> [Raw data]
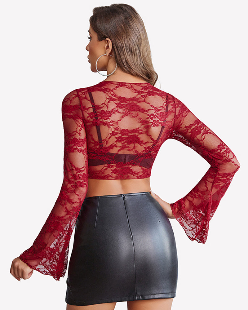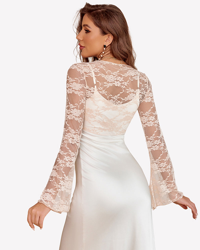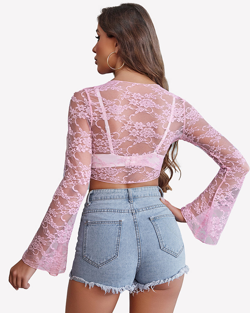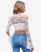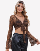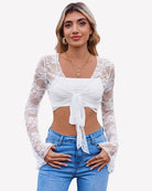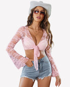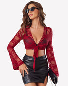 Crop Lace Shrug Bell Sleeve Tie Front Top
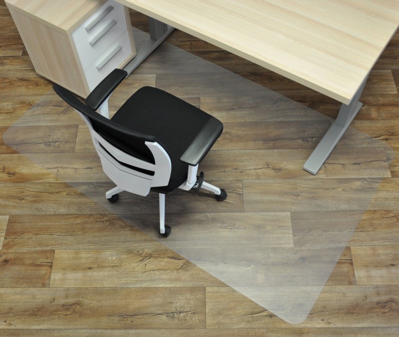 Podložka pod kolečkové židle na tvrdou podlahu. Podložka je vyrobena z kvalitního, nelámavého, oděru odolného a ekologicky zcela nezávadného polykarbonátu. Vrchní strana podložky má drobnou strukturu, která zabraňuje zrcadlovému efektu a umožňuje židlím pohybovat se tiše se správným třením. Spodní strana je pokryta tenkým protiskluzovým filmem pro pevné přilnutí na hladký povrch.
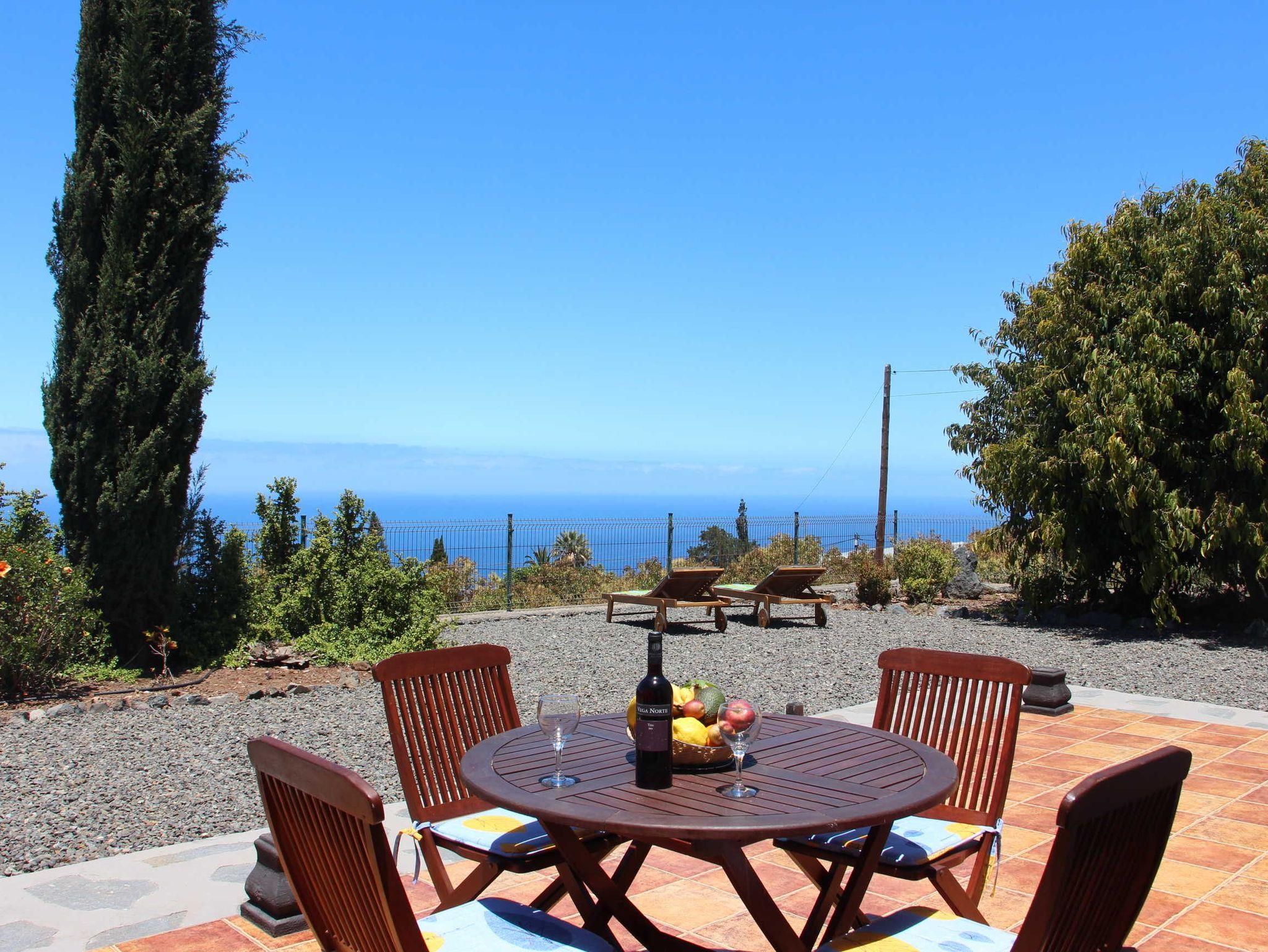 Der Garten rund um die Terrasse, die zur Meerseite liegt, wurde mit hohen Sträuchern bepflanzt, um eine angemessene Privatsphäre für die Gäste zu schaffen. Die Terrasse ist mit einem Tisch und 4 Stühlen ausgestattet. Sonnenliegen und ein Sonnenschirm sorgen für eine perfekte Ruheoase und je nach Tageszeit hat man immer Sonnen- und Schattenplätze. Im Rücken des Hauses ragt der wunderschöne Bergrücken der Caldera hervor und nach vorne hat man einen sehr schönen, freien Blick auf den Atlantik.
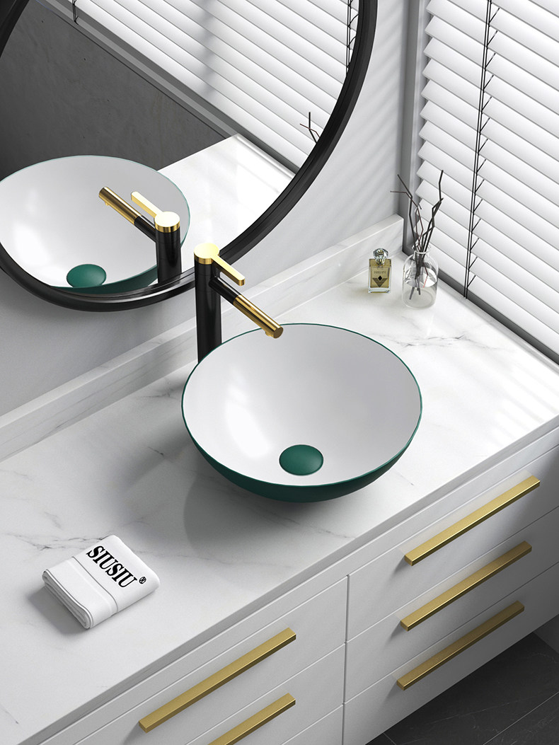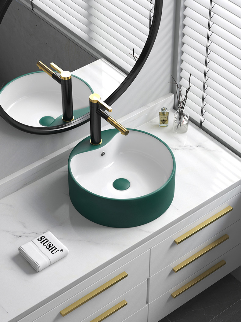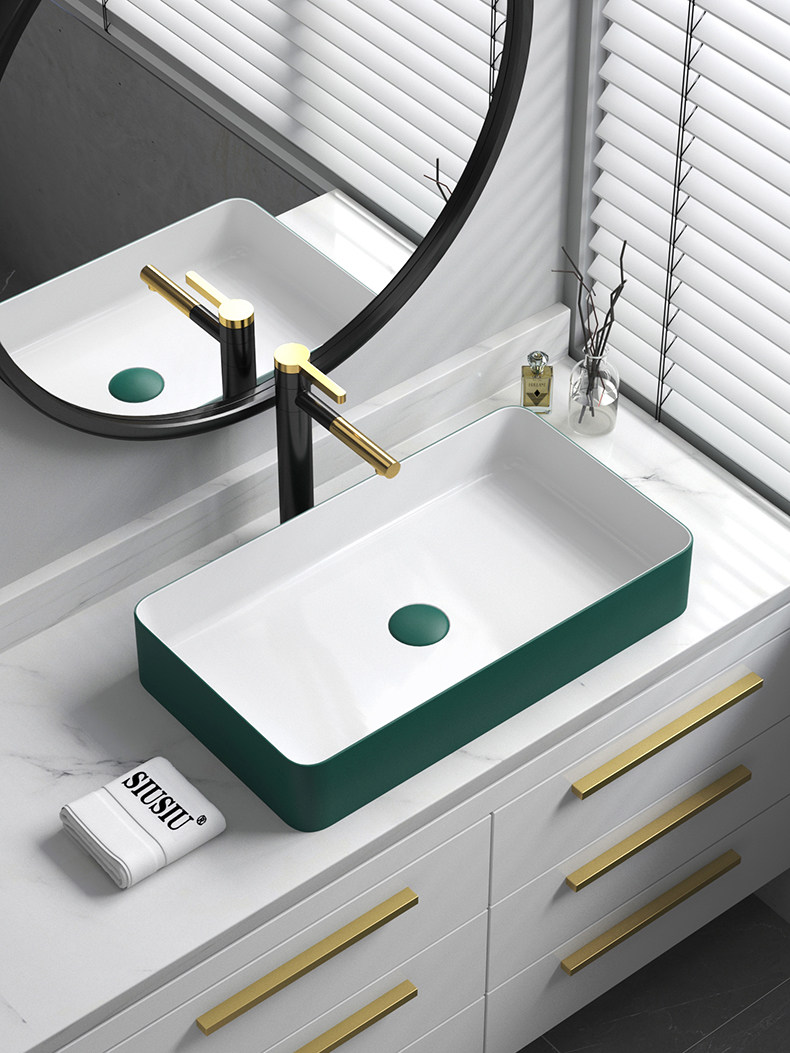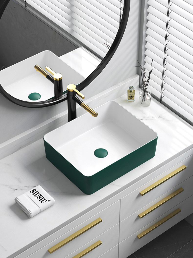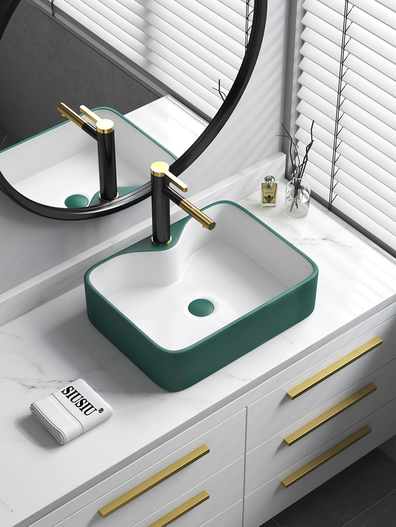 Бассейн чернила зеленая ручная рука в форме квадратной в форме лица с лицом в форме лица с одним бассейном с одним бассейном с круглым умывальником

> [Work task] From the line that contains "Der Garten rund" to the final line of the material, write out each line exactly. Pictures stay out.

> [Answer for this exercise]
 Der Garten rund um die Terrasse, die zur Meerseite liegt, wurde mit hohen Sträuchern bepflanzt, um eine angemessene Privatsphäre für die Gäste zu schaffen. Die Terrasse ist mit einem Tisch und 4 Stühlen ausgestattet. Sonnenliegen und ein Sonnenschirm sorgen für eine perfekte Ruheoase und je nach Tageszeit hat man immer Sonnen- und Schattenplätze. Im Rücken des Hauses ragt der wunderschöne Bergrücken der Caldera hervor und nach vorne hat man einen sehr schönen, freien Blick auf den Atlantik.
 Бассейн чернила зеленая ручная рука в форме квадратной в форме лица с лицом в форме лица с одним бассейном с одним бассейном с круглым умывальником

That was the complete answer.